Would you please retype, exactly, the lines of the listing below between the line with "Jouets musicaux pour" and the line with "Bracelet rose clair", inclusive?

• Entries shown:
○ ○ ○ ○ ○
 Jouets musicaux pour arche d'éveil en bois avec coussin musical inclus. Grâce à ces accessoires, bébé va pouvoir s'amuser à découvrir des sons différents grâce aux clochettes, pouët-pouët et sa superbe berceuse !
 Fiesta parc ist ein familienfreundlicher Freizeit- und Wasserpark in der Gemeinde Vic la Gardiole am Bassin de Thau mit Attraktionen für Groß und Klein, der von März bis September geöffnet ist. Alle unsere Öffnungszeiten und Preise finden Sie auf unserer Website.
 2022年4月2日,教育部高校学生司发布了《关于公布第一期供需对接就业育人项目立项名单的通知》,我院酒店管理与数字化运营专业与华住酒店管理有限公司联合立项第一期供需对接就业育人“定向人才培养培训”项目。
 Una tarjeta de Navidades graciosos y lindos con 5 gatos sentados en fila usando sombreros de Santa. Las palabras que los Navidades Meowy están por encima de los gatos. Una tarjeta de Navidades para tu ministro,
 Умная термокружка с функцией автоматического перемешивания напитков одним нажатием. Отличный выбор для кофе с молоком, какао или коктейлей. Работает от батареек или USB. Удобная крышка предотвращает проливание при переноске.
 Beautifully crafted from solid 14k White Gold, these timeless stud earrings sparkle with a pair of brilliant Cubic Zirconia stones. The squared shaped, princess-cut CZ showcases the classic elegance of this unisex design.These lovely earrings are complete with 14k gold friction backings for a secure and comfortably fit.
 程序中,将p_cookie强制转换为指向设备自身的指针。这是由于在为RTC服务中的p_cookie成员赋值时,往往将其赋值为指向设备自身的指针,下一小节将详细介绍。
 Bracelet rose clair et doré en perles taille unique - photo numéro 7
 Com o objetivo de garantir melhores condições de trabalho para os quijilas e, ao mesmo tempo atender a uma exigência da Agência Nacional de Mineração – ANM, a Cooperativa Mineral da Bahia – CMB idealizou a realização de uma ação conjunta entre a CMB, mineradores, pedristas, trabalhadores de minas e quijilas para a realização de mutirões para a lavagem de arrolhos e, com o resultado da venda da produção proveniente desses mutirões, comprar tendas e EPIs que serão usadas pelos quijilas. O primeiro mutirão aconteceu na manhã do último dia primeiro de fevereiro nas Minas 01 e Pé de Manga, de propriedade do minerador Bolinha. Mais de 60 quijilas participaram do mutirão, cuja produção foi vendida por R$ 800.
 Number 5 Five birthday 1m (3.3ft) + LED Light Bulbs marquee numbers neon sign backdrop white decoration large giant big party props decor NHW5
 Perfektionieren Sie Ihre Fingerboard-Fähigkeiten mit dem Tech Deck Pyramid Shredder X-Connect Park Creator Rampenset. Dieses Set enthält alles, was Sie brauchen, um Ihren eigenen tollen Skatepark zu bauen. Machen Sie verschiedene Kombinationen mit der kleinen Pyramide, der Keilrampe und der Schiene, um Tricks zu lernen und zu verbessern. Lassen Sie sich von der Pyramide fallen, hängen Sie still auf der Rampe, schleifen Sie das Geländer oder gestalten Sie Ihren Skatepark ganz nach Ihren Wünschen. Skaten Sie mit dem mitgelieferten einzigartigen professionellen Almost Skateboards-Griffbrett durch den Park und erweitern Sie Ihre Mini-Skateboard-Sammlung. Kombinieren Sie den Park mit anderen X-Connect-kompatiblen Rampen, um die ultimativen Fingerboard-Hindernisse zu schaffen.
○ ○ ○ ○ ○
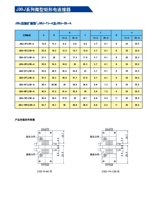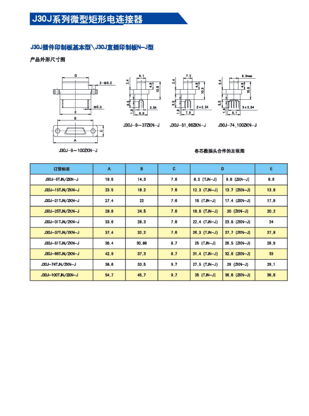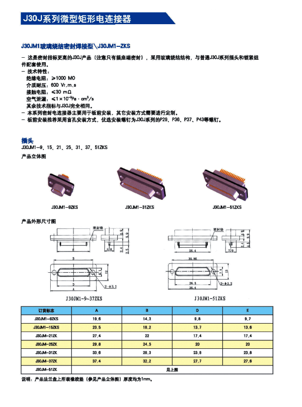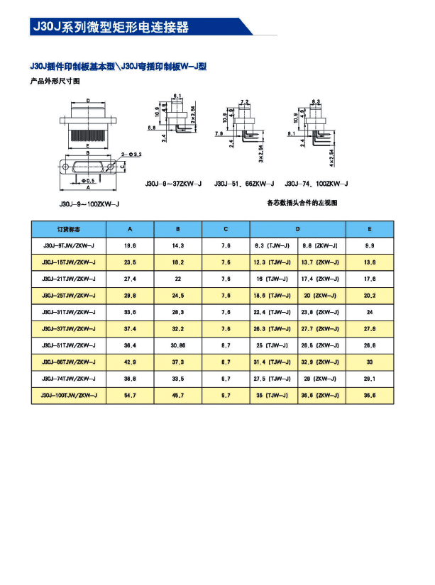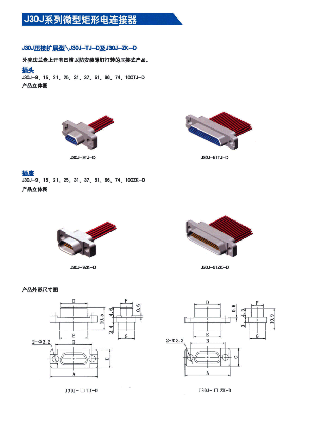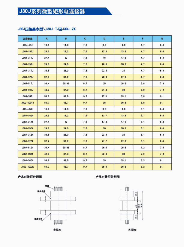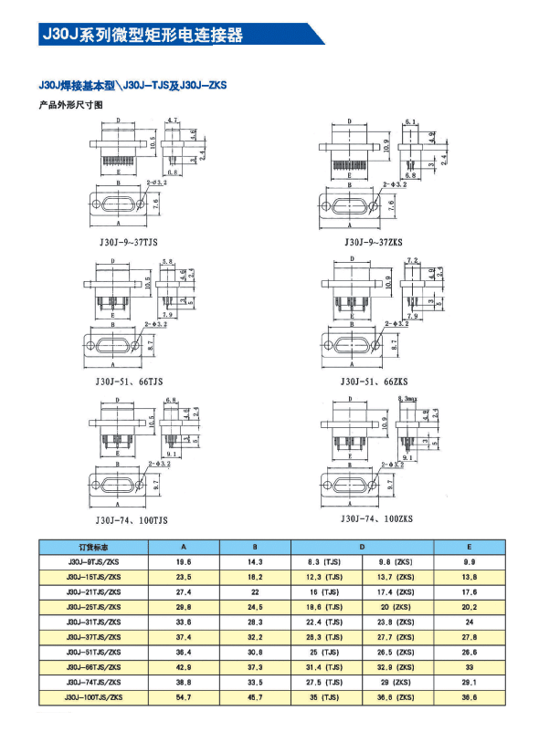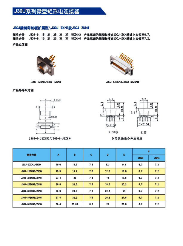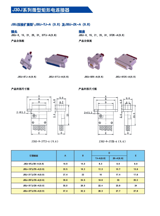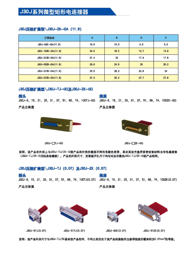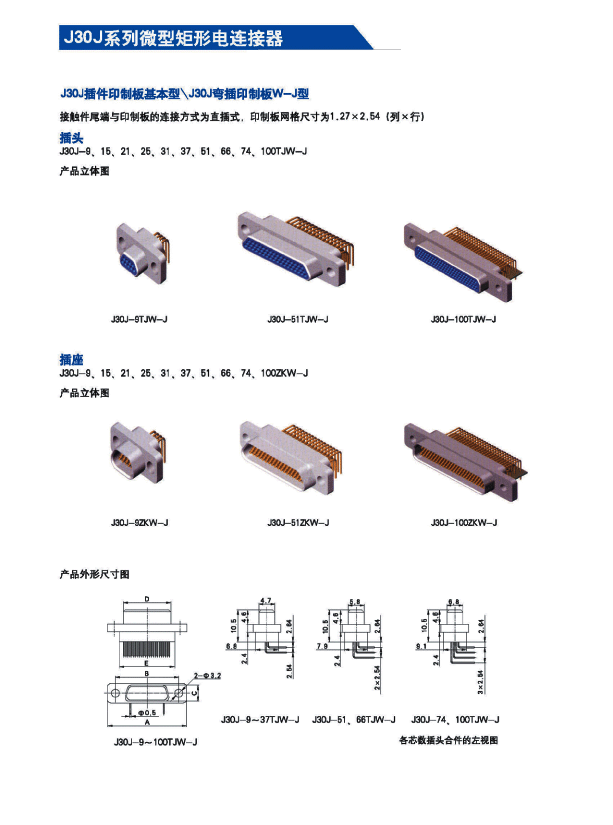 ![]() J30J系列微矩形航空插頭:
○ ○ ○ ○ ○
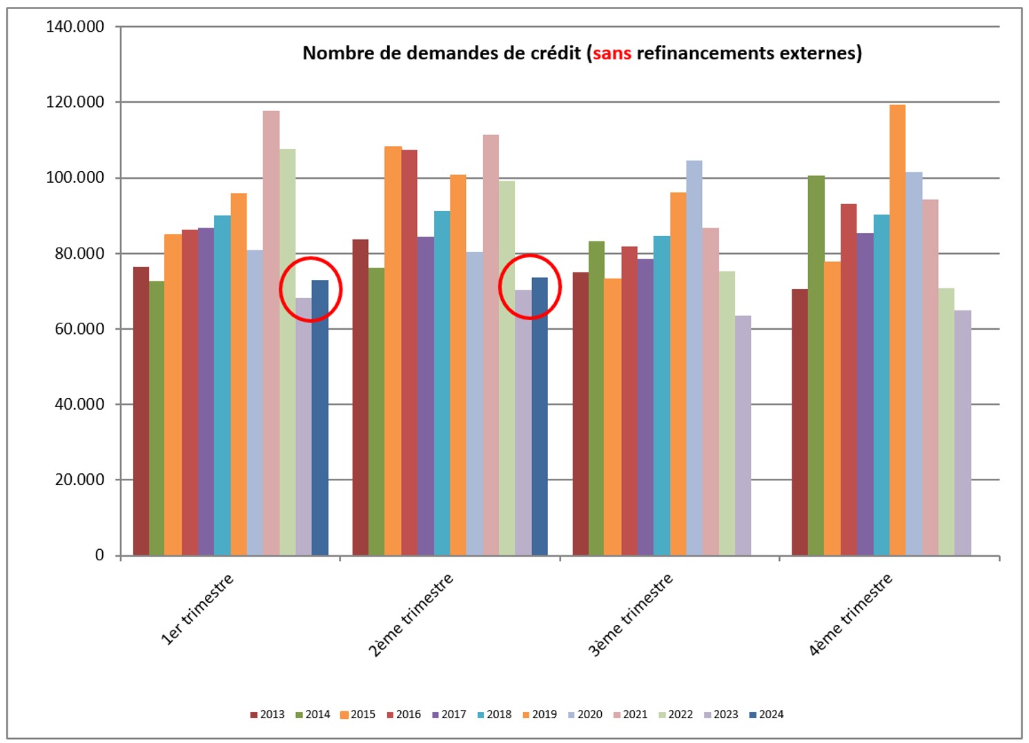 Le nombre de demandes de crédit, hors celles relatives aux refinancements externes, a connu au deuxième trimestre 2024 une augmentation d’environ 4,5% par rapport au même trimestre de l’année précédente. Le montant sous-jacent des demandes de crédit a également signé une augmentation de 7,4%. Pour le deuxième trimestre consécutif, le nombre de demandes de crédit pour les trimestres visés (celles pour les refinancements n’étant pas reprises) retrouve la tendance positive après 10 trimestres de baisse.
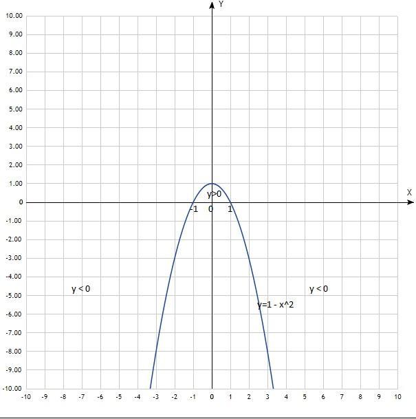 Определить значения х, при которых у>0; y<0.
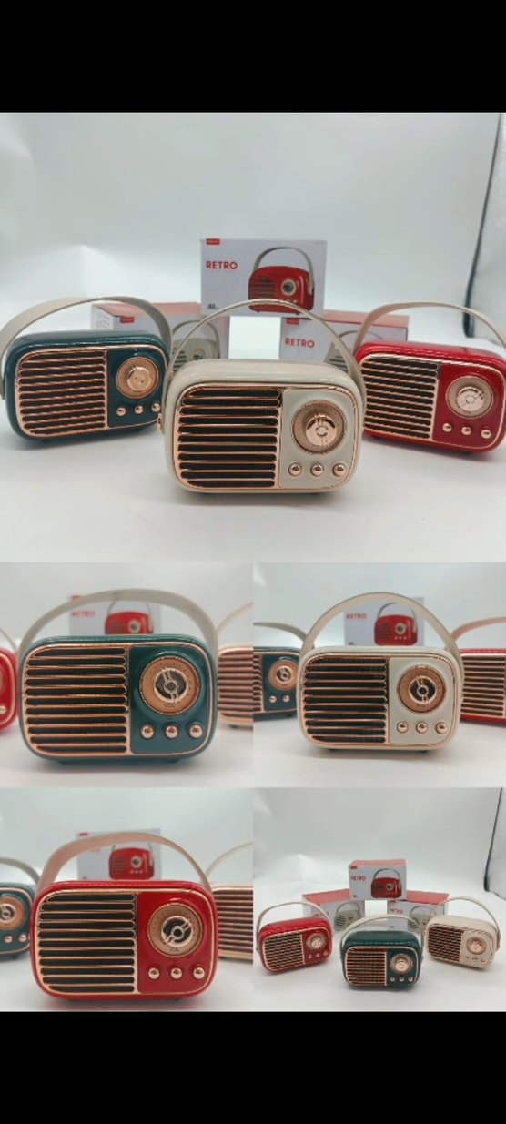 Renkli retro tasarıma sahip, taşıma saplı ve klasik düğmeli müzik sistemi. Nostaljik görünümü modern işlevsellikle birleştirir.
○ ○ ○ ○ ○
• Exercise result:
 Jouets musicaux pour arche d'éveil en bois avec coussin musical inclus. Grâce à ces accessoires, bébé va pouvoir s'amuser à découvrir des sons différents grâce aux clochettes, pouët-pouët et sa superbe berceuse !
 Fiesta parc ist ein familienfreundlicher Freizeit- und Wasserpark in der Gemeinde Vic la Gardiole am Bassin de Thau mit Attraktionen für Groß und Klein, der von März bis September geöffnet ist. Alle unsere Öffnungszeiten und Preise finden Sie auf unserer Website.
 2022年4月2日,教育部高校学生司发布了《关于公布第一期供需对接就业育人项目立项名单的通知》,我院酒店管理与数字化运营专业与华住酒店管理有限公司联合立项第一期供需对接就业育人“定向人才培养培训”项目。
 Una tarjeta de Navidades graciosos y lindos con 5 gatos sentados en fila usando sombreros de Santa. Las palabras que los Navidades Meowy están por encima de los gatos. Una tarjeta de Navidades para tu ministro,
 Умная термокружка с функцией автоматического перемешивания напитков одним нажатием. Отличный выбор для кофе с молоком, какао или коктейлей. Работает от батареек или USB. Удобная крышка предотвращает проливание при переноске.
 Beautifully crafted from solid 14k White Gold, these timeless stud earrings sparkle with a pair of brilliant Cubic Zirconia stones. The squared shaped, princess-cut CZ showcases the classic elegance of this unisex design.These lovely earrings are complete with 14k gold friction backings for a secure and comfortably fit.
 程序中,将p_cookie强制转换为指向设备自身的指针。这是由于在为RTC服务中的p_cookie成员赋值时,往往将其赋值为指向设备自身的指针,下一小节将详细介绍。
 Bracelet rose clair et doré en perles taille unique - photo numéro 7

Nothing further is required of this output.